Г а л и н а Д м и т р и е в н а. Если мы
все по лесам разбежимся, что будет?..
Где Есенюк?..
Вбегает Юрка, очень возбужден,
лезет под тамбур, достает узелок,
давно приготовленный,
и гранату, быстро сует за пазуху.
Ю р к а. Все, муттер! Фидерзеен!
Бросаю я вас!..
Н и н а. Юрик!.. Что он?..
Ю р к а. Дурак я был, с вами поехал!..
Понял я!.. Все! Бить их, гадов! Еще
услышите про меня!..
Г а л и н а Д м и т р и е в н а. Юра! Это
еще что?.. Нина!..
Л а в р а. Ты куда? Не выдумывай!..
Н и н а. Юрик!
С а н я. Обожди! Ты что?..
Ю р к а. А ты за матерью гляди! Чтоб
не болела!.. Я отца там найду!
Услышите еще! Услышите! (Убегает.)
И р и н а. Юра! (Бежит за ним.)
М а ш а. Да что же это? А?..
С а в в и ш н а. Господи, что ж это?
Томочка!..
Нина плачет, Лена незаметно ушла.
Вбегает Есенюк, в руке у него Юркина
финка.
Е с е н ю к. Где он? Юрка!.. Стой!..
Видали? Партизан!.. Ну, погоди! (Бежит
за Юркой.)
Л а в р а. Дела! Мне, что ль, тоже на
фронт податься?..
Из вагона выскальзывает Ника — в
пальтишке, тоже хочет удрать. Маша хватает его.
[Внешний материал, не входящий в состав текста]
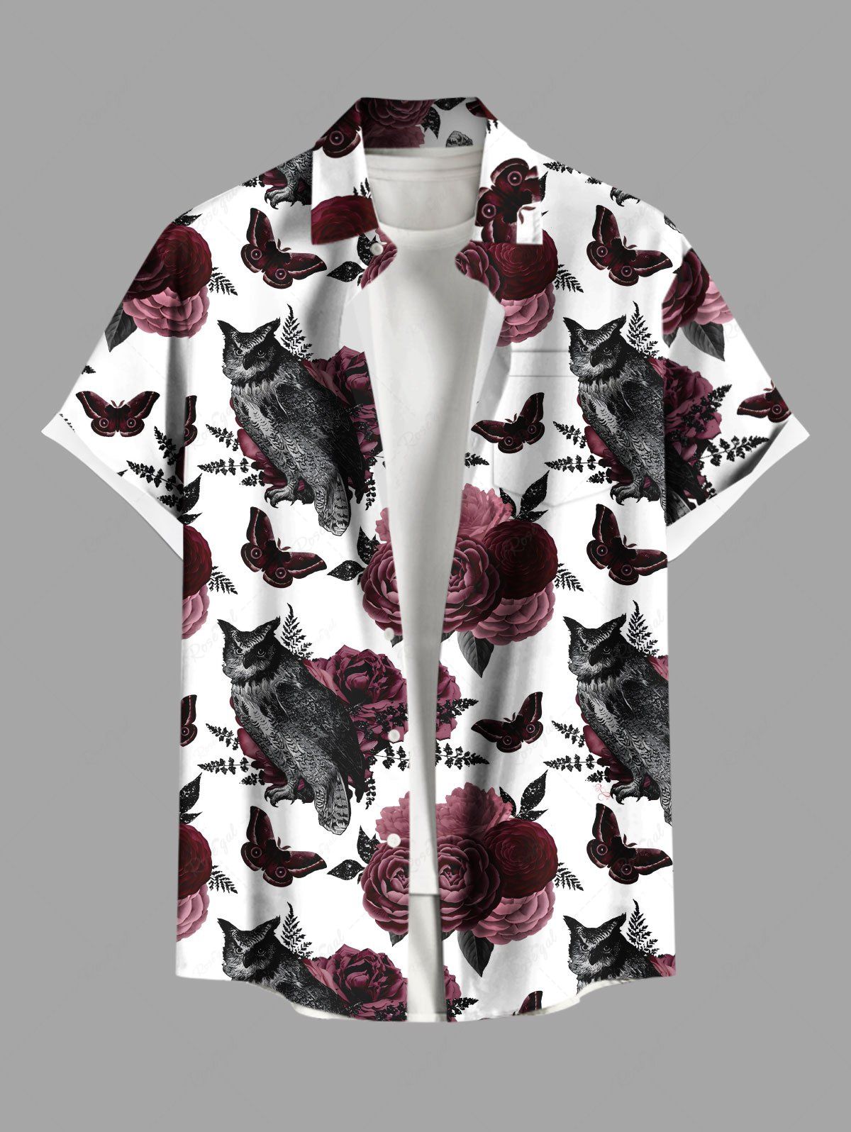 Chemise grande taille à imprimé rose, fleur, feuille, papillon, hibou, Halloween, boutonnée, poche, pour homme - Xl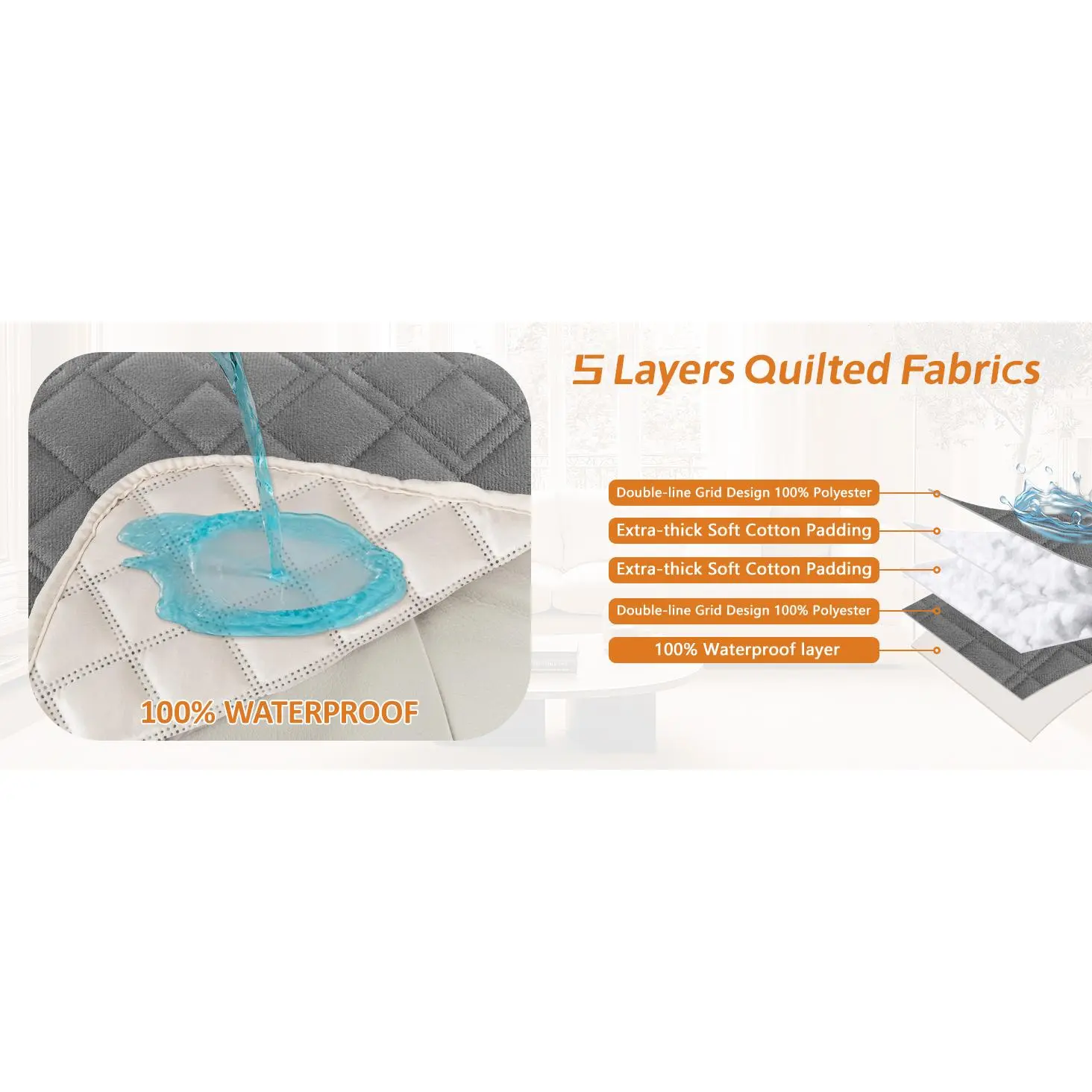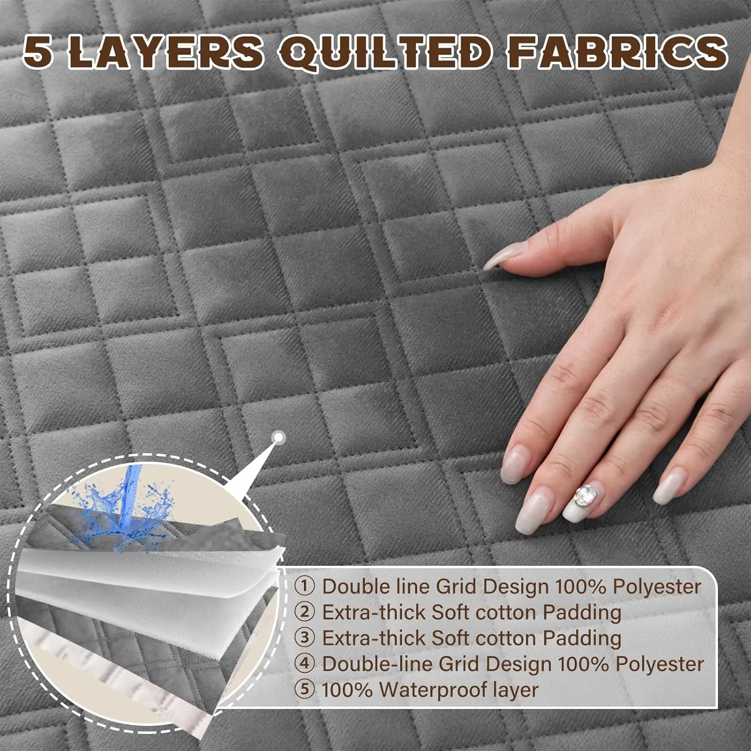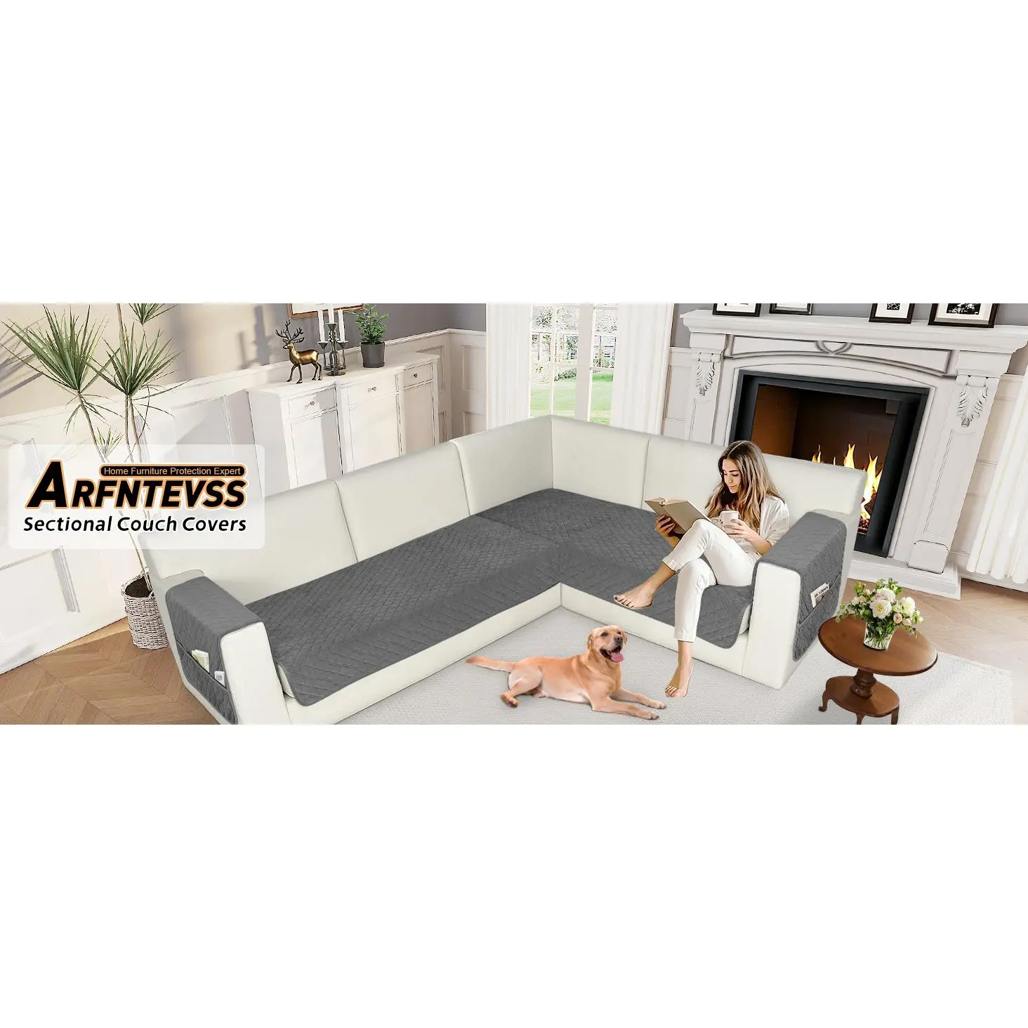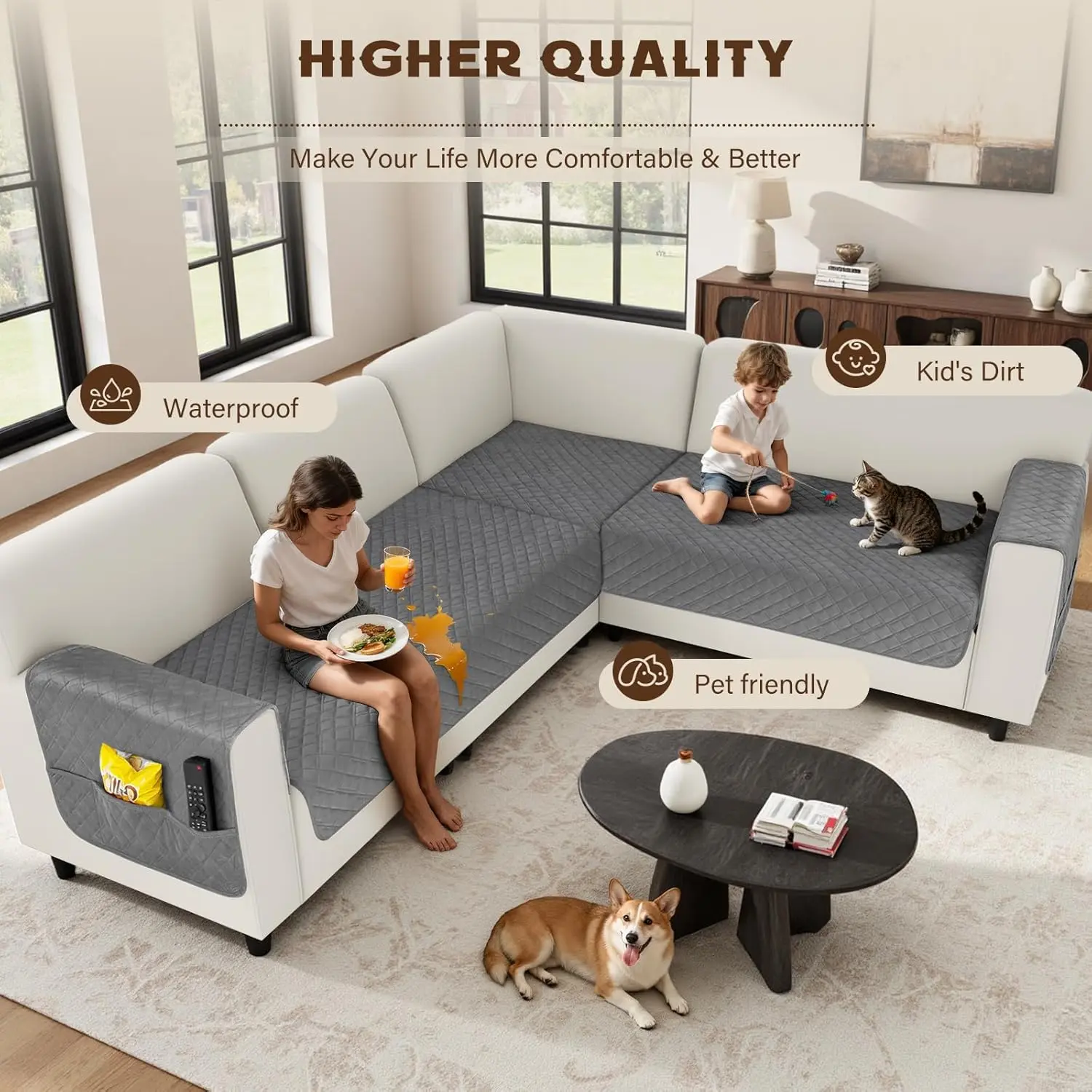 100% Waterproof Sofa Protector: This pet friendly corner sectional couch covers for dogs features a 100% water proof backing layer that protects your couch from spills like coffee, juice, or pet accidents.The waterproof l shape couch cover also protects against pet hair, scratches, and everyday wear and tear, keeping your sofa clean and look refreshed.Especially suitable for families with pets and kidsLuxurious Velvet & Thick Padding: The plush waterproof couch cushion covers for sectional sofa are made from super soft velvet with an elegant diamond pattern.The thick, cushioned filling provides exceptional comfort while sitting and acts as a strong barrier against pet claws, preventing snags and damage to your sofa fabric underneathNon-slip Design & Armrest Pockets: The l shaped couch covers for sectional sofa set stays securely in place thanks to reinforced built-in anti-slip fabric strips, preventing messy shifts.Fits most fabric and leather sofas.Three pockets on both arms let you store remotes, glasses, or books within easy reach, no more lost items between cushions, keeping your living room tidy and organizedCustom Fit 5-Piece Set: The sectional sofa slipcovers includes 2 sectional sofa seat covers, 1 corner seat piece, and 2 arm covers for a custom fit on your sectional sofa.Choose from Large, Extra Large, or XX-Large sizes, the sectional sofa cover is suitable for most l shaped or u shaped modular sectional sofas.Measure your sofa using our picture guide to find your perfect match easilyEasy Care & Machine Washable: This universal sectional cushion covers is designed for convenience-simply machine wash on cold for a fresh look, and the sectional cover waterproof backing retains its shape and water-resistant properties after washing. Wrinkle-resistant fabric means no ironing is required, making the l shape sofa cover a practical choice for busy households

М а ш а. Стой! Куда? Этот еще, видали!
Ника вырывается, из-за пазухи у него
сыплются сухари, пилотка, бумажки.
Сухари!.. Собрался!.. Ах, ты!.. На фронт!..
Катя!.. Лавра, держи его!..
Лавра и Маша впихивают плачущего от
позора и обиды мальчишку в вагон.
Люся рванулась к нему, но мать ее не пускает.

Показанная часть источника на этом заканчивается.